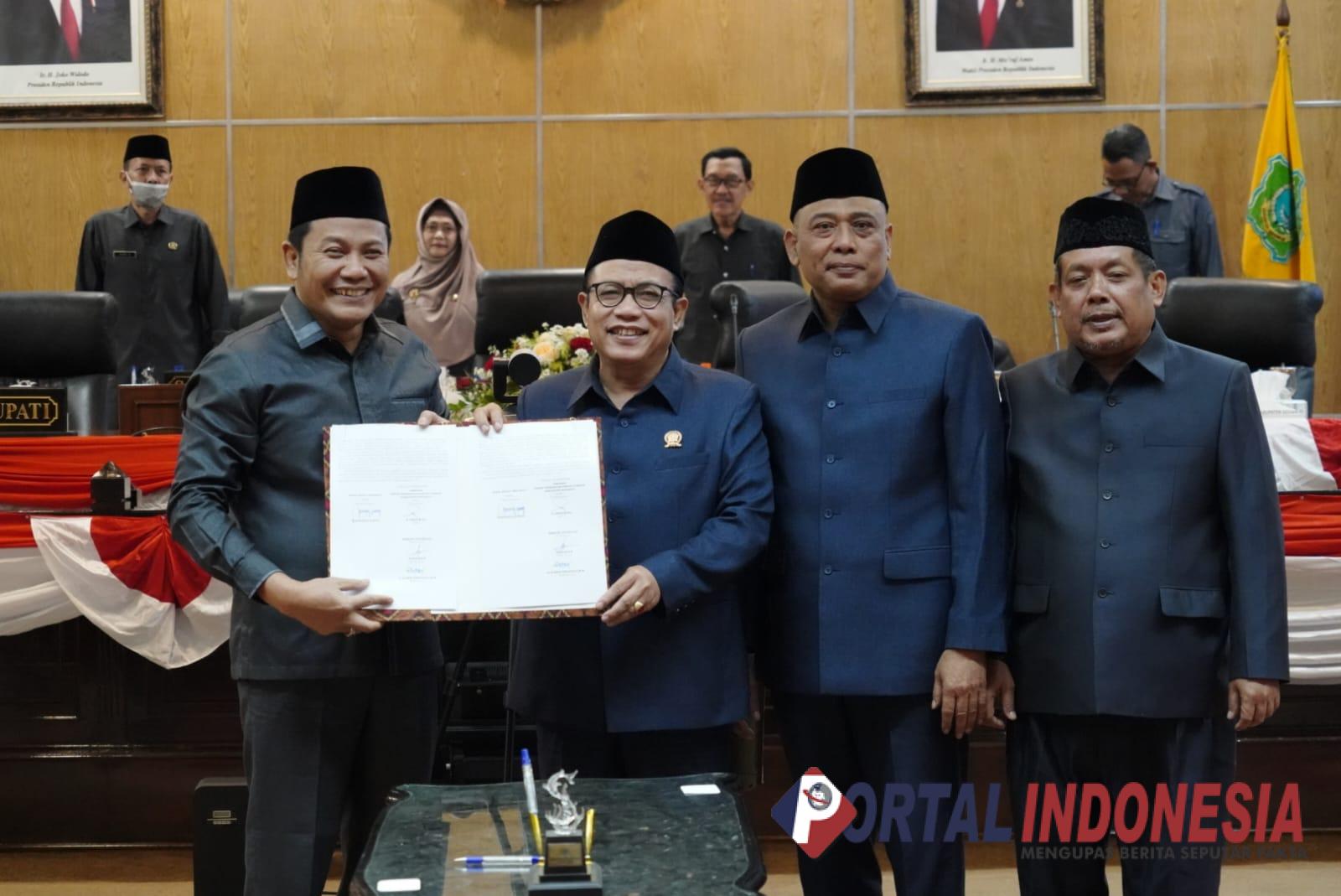 Penandatanganan dan Sambutan Plt. Bupati Usai mendapatkan persetujuan dari seluruh fraksi, dilaksanakan penandatanganan berita acara persetujuan bersama antara Pemerintah Daerah Sidoarjo yang diwakili oleh Plt. Bupati Sidoarjo, H. Subandi, SH., M.Kn., dan Ketua DPRD Sidoarjo, H. Usman, M.Kes.
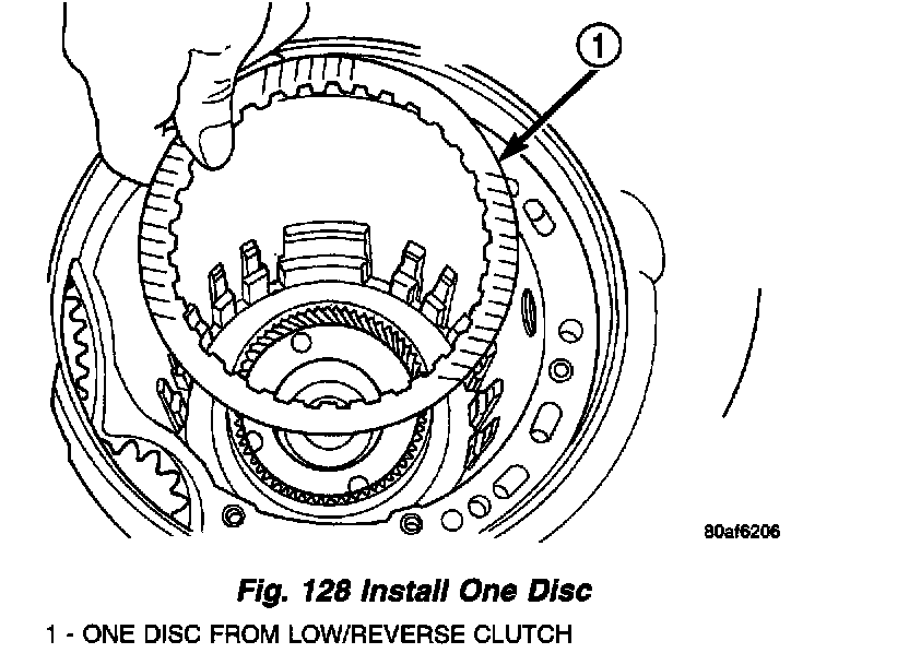 40. Install remaining low/reverse clutch disc (Fig. 128).
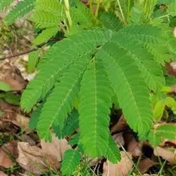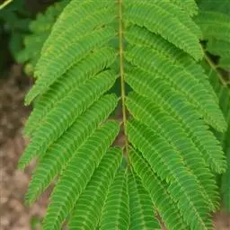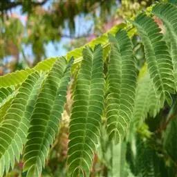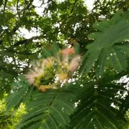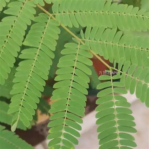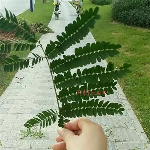 叶:山槐的叶二回羽状复叶,羽片2-4对、小叶5-14对,长圆形或长圆状卵形,长1.8 - 3.5厘米,宽7-17毫米,先端圆钝而有细尖头,基部不等侧,两面均被短柔毛,中脉稍偏于上侧。
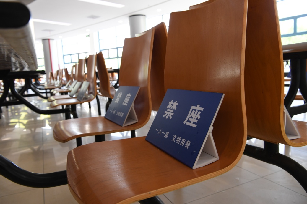 “一人一桌,在此就座”的餐桌提示,窗口前“一米线”的可爱地贴尤为醒目。在食堂入口处,拉设了排队引流线,实行单向限流管理。疫情期间,为减少交叉感染风险,食堂实行错时、错峰就餐,师生凭个人有效证件经测温合格后,方可进入用餐,确保安全有序。“一人一桌,相隔一米,同向就餐”的原则,很快就会变成大家的好习惯。
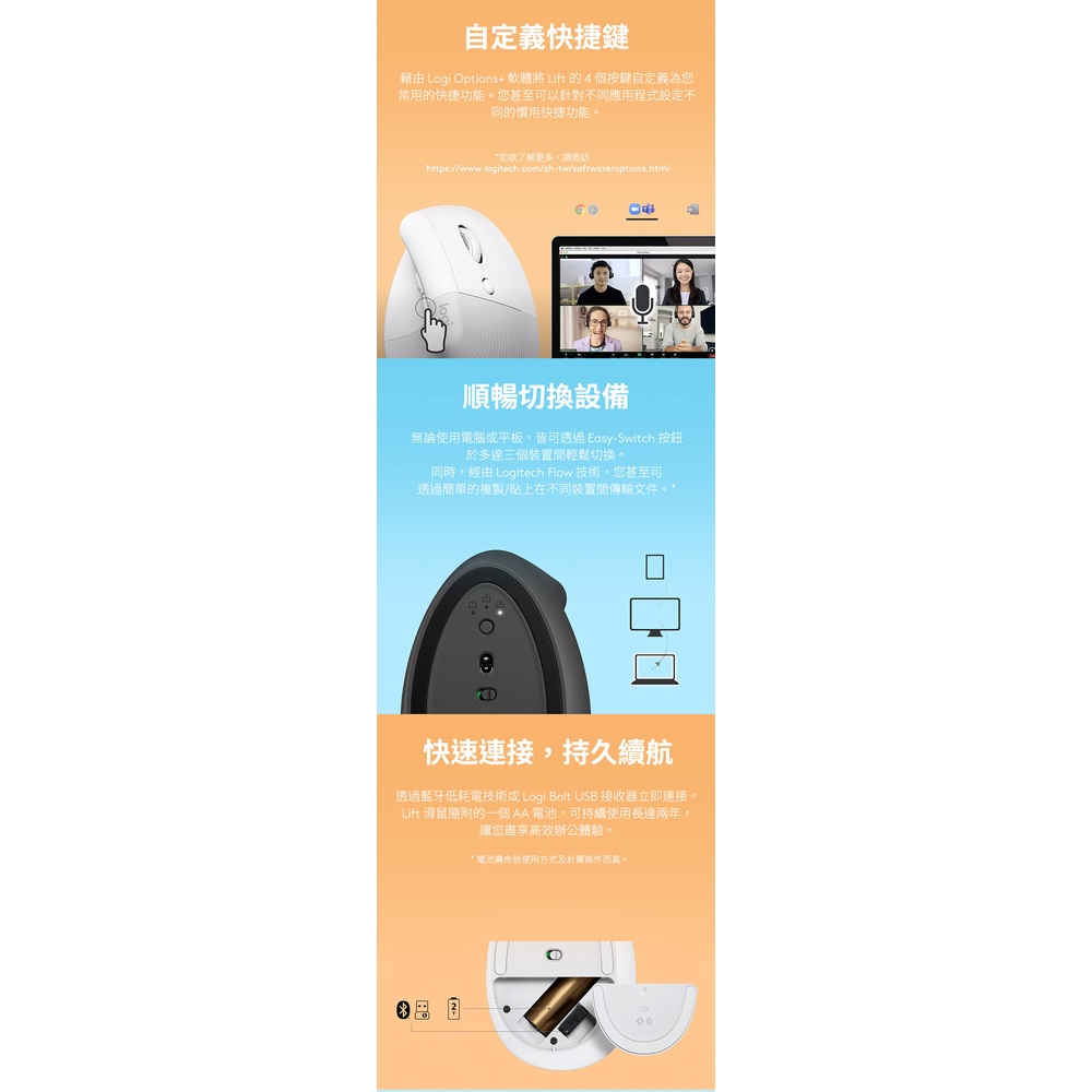 Logitech 羅技 Lift 玫瑰粉/珍珠白/石墨灰 人體工學 無線滑鼠 垂直滑鼠
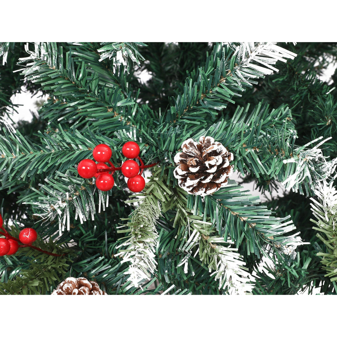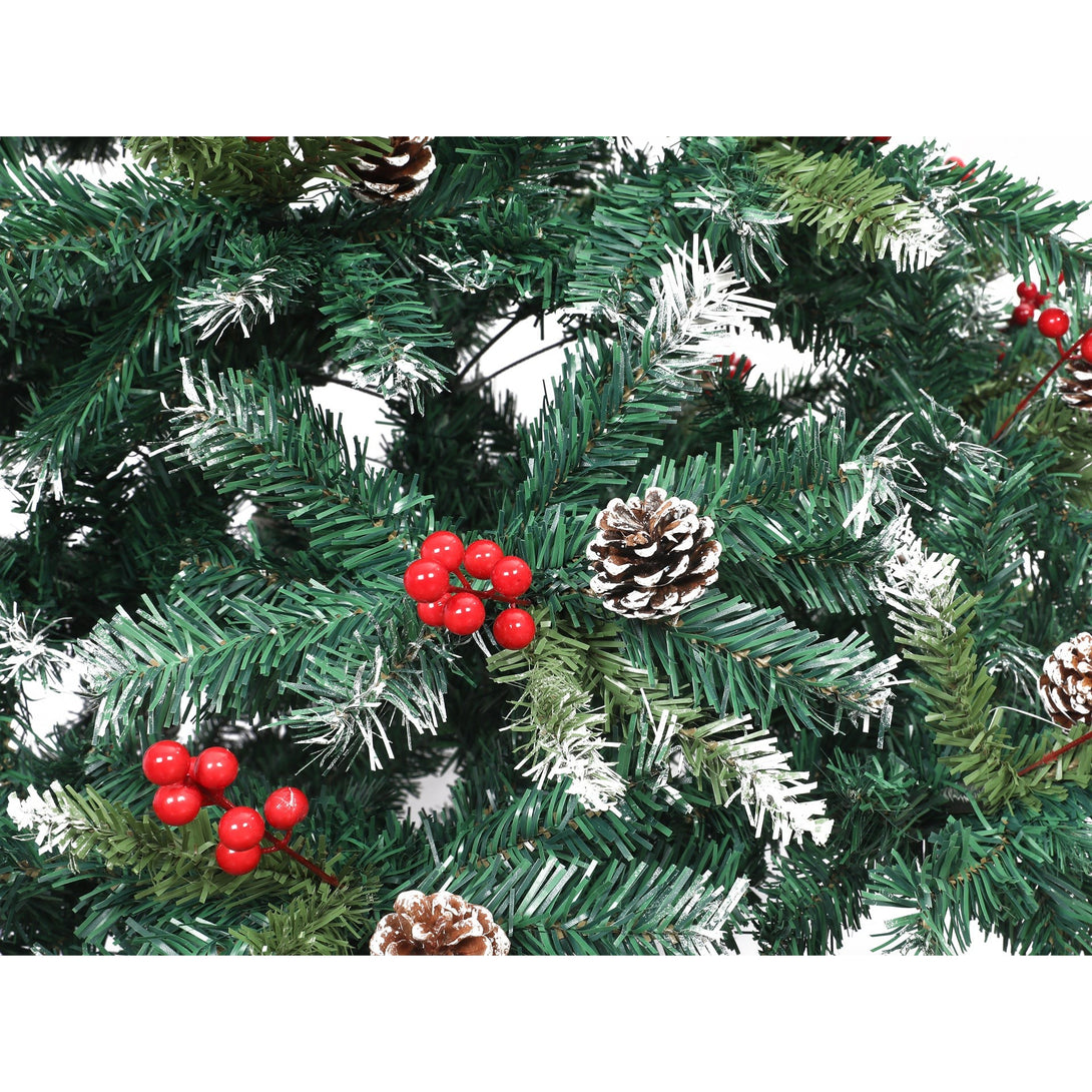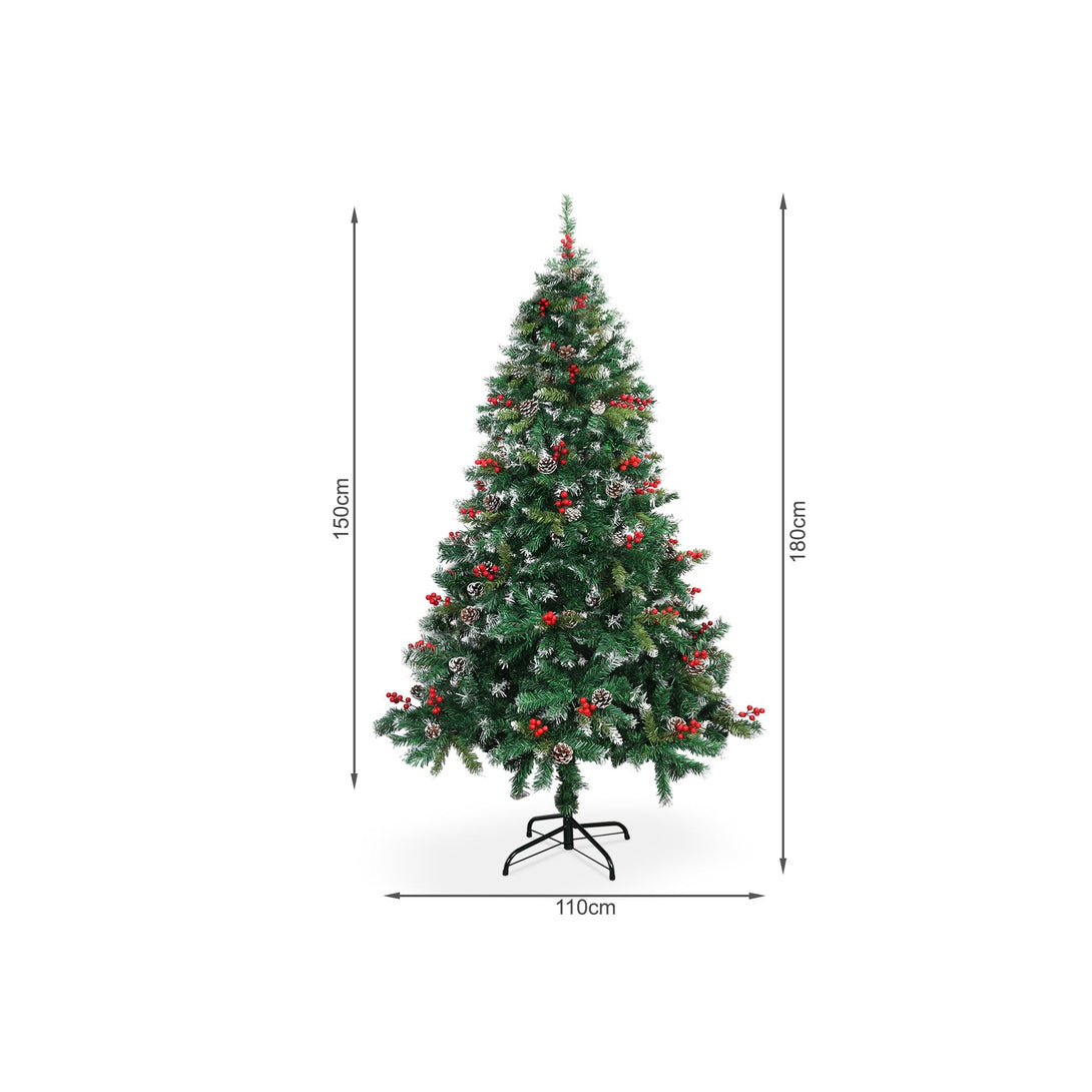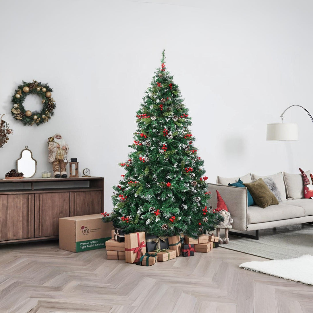 This beautiful tree comes adorned with charming red holly berries and pine cone decorations, adding a touch of traditional charm to your home. With its thick foliage and artificial snow-tipped branches, it creates a magical atmosphere that captures the spirit of the holiday season.

> [WORK ORDER]
The result should hold only the lines from the line with "Logitech 羅技 Lift 玫瑰粉/珍珠白/石墨灰 人體工學 無線滑鼠 垂直滑鼠" through the final line of the records above, copied exactly, with pictures left out.

> [SOLUTION FOR THIS EXERCISE]
 Logitech 羅技 Lift 玫瑰粉/珍珠白/石墨灰 人體工學 無線滑鼠 垂直滑鼠
 This beautiful tree comes adorned with charming red holly berries and pine cone decorations, adding a touch of traditional charm to your home. With its thick foliage and artificial snow-tipped branches, it creates a magical atmosphere that captures the spirit of the holiday season.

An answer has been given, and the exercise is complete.